▼

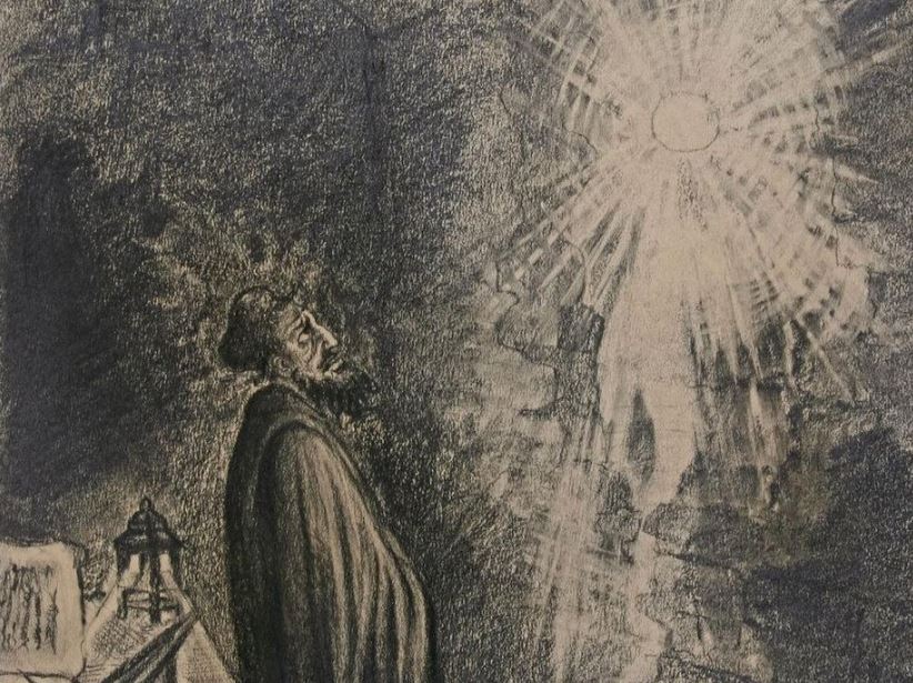 (Bron: Joods Museum Frankfurt, foto: Herbert Fischer. Kunstenares Rosy Lilienfeld https://sammlung.juedischesmuseum.de/objekt/die-verzweiflung-packt-den-baalschem-originaltitel/)
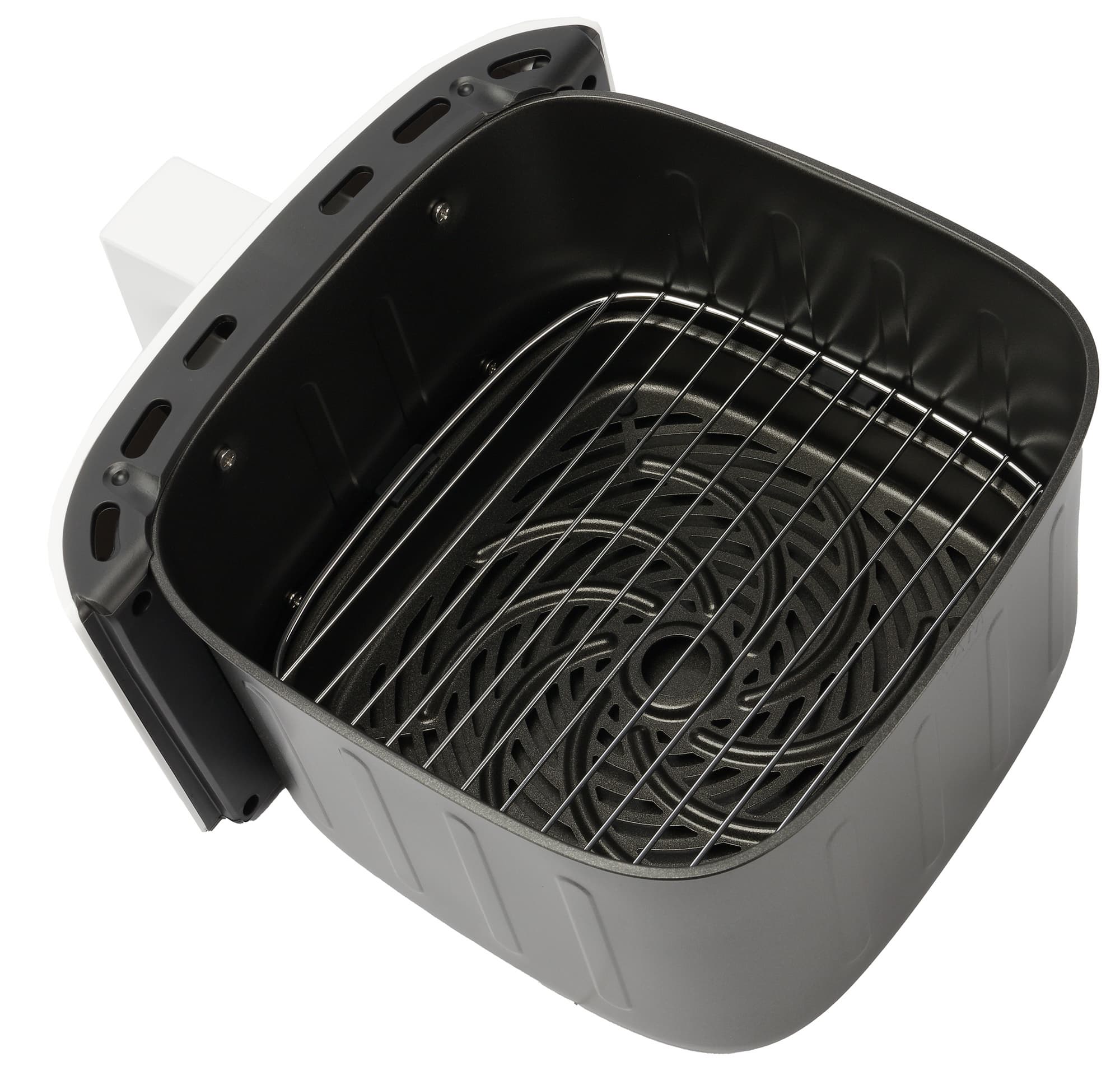 Металлические части чаши и решетка снабжены антипригарным покрытием. Смотровым окном корзина не оборудована.
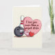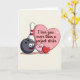 This design shows a dark gray bowling ball character on a creamy background, smiling wide with big shining eyes as if it just rolled over for a hug 🥰. Just behind it stands a classic white bowling pin with two red stripes, leaning in like a loyal partner in the lane. On the right side, a large glossy pink heart takes up much of the space, giving the scene a cozy, romantic balance ❤️. Across that heart, the message “I love you more than a perfect strike.” is placed in a casual handwritten style, set in a darker tone that stands out clearly against the pink. Beneath the main line, two smaller hearts sit close together, one light pink with the word “LOVE” in darker letters and the other a solid deep red. The rounded shapes, soft shading, and little highlights on the bowling ball and hearts make everything look smooth and candy-like, as if the characters are glowing with shared excitement. The composition keeps the bowling duo on the left and the heart message on the right, with gentle empty space around them on the creamy background and a few shiny reflections catching the light.
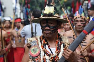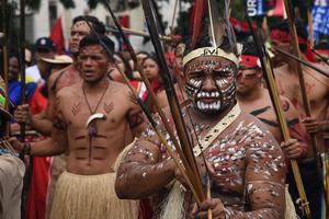 (251012) -- CARACAS, 12 octubre, 2025 (Xinhua) -- Un integrante de una etnia indígena de Venezuela participa en una marcha...
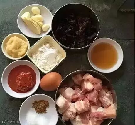 材料:肉片、鸡蛋、干木耳、黄瓜、洋葱、食物油、辣椒油、蒜、姜、盐、豆瓣酱、淀粉
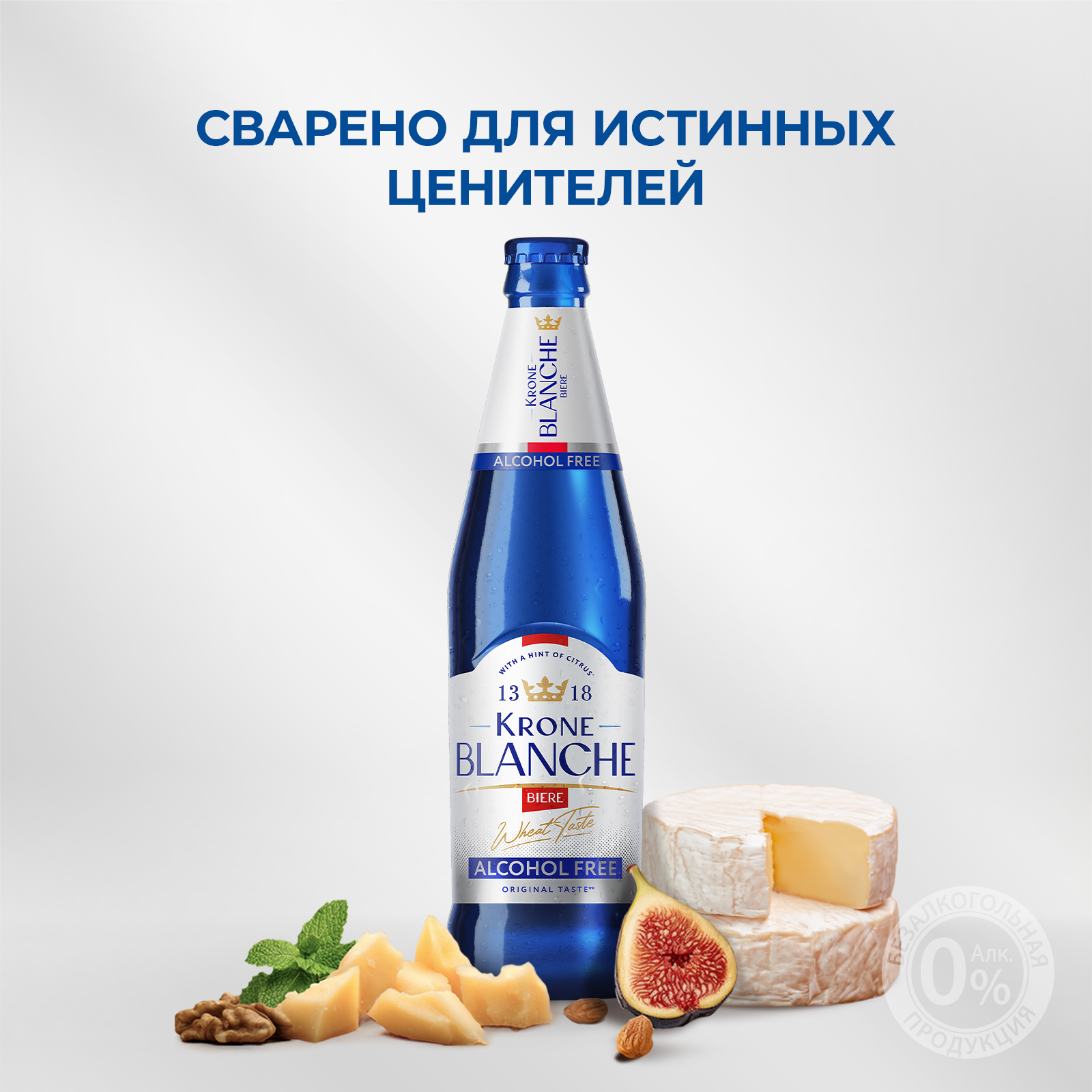 Отзывы на Пивной напиток Krone Blanche Biere Alcohol Free безалкогольный, 20 шт. х 0,45 л, бутылка
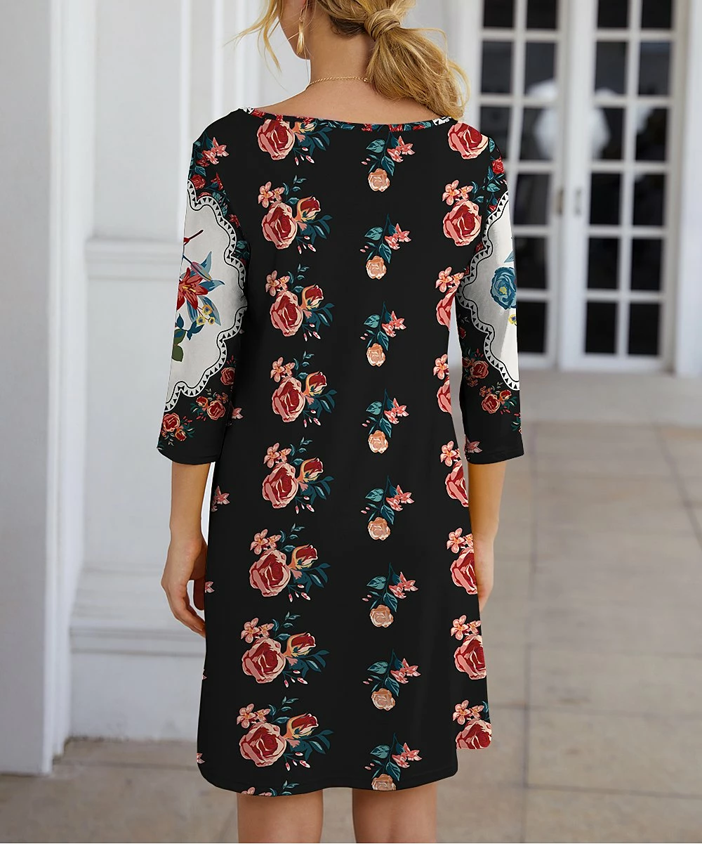 Featuring a free-flowing design, stylish three-quarter sleeves and a gorgeous pattern, this shift dress is an essential addition to your casual closet.
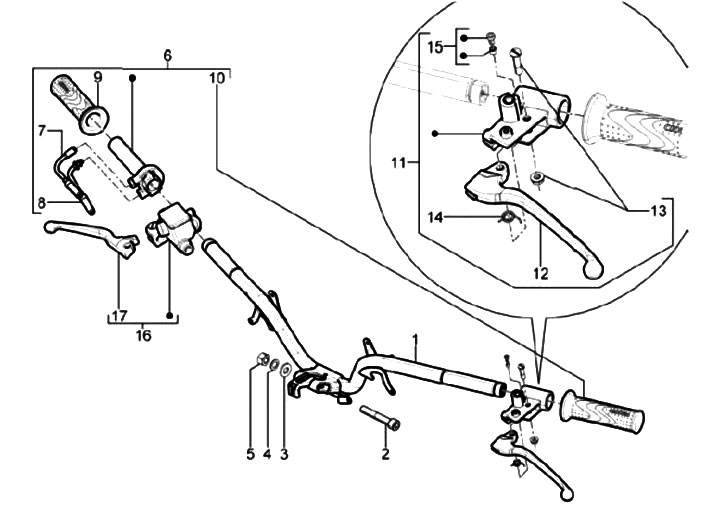 Handlebar -PIAGGIO- Piaggio TPH 125 (LBMM70100), Piaggio TPH 50 (LBMC50100, LBMC50101), Aprilia Sport City One 125 (ZD4SG000, ZD4SG, ZD4SGC00), Aprilia Sport City One 50 (ZD4SB000, ZD4SBA00, ZD4SBC00, ZD4SBE00, ZD4SBB00), Aprilia SR Motard 125 (LBMM70300)

▲

Your response must reproduce the listing above word for word and must contain none of its pictures.

 (Bron: Joods Museum Frankfurt, foto: Herbert Fischer. Kunstenares Rosy Lilienfeld https://sammlung.juedischesmuseum.de/objekt/die-verzweiflung-packt-den-baalschem-originaltitel/)
 Металлические части чаши и решетка снабжены антипригарным покрытием. Смотровым окном корзина не оборудована.
 This design shows a dark gray bowling ball character on a creamy background, smiling wide with big shining eyes as if it just rolled over for a hug 🥰. Just behind it stands a classic white bowling pin with two red stripes, leaning in like a loyal partner in the lane. On the right side, a large glossy pink heart takes up much of the space, giving the scene a cozy, romantic balance ❤️. Across that heart, the message “I love you more than a perfect strike.” is placed in a casual handwritten style, set in a darker tone that stands out clearly against the pink. Beneath the main line, two smaller hearts sit close together, one light pink with the word “LOVE” in darker letters and the other a solid deep red. The rounded shapes, soft shading, and little highlights on the bowling ball and hearts make everything look smooth and candy-like, as if the characters are glowing with shared excitement. The composition keeps the bowling duo on the left and the heart message on the right, with gentle empty space around them on the creamy background and a few shiny reflections catching the light.
 (251012) -- CARACAS, 12 octubre, 2025 (Xinhua) -- Un integrante de una etnia indígena de Venezuela participa en una marcha...
 材料:肉片、鸡蛋、干木耳、黄瓜、洋葱、食物油、辣椒油、蒜、姜、盐、豆瓣酱、淀粉
 Отзывы на Пивной напиток Krone Blanche Biere Alcohol Free безалкогольный, 20 шт. х 0,45 л, бутылка
 Featuring a free-flowing design, stylish three-quarter sleeves and a gorgeous pattern, this shift dress is an essential addition to your casual closet.
 Handlebar -PIAGGIO- Piaggio TPH 125 (LBMM70100), Piaggio TPH 50 (LBMC50100, LBMC50101), Aprilia Sport City One 125 (ZD4SG000, ZD4SG, ZD4SGC00), Aprilia Sport City One 50 (ZD4SB000, ZD4SBA00, ZD4SBC00, ZD4SBE00, ZD4SBB00), Aprilia SR Motard 125 (LBMM70300)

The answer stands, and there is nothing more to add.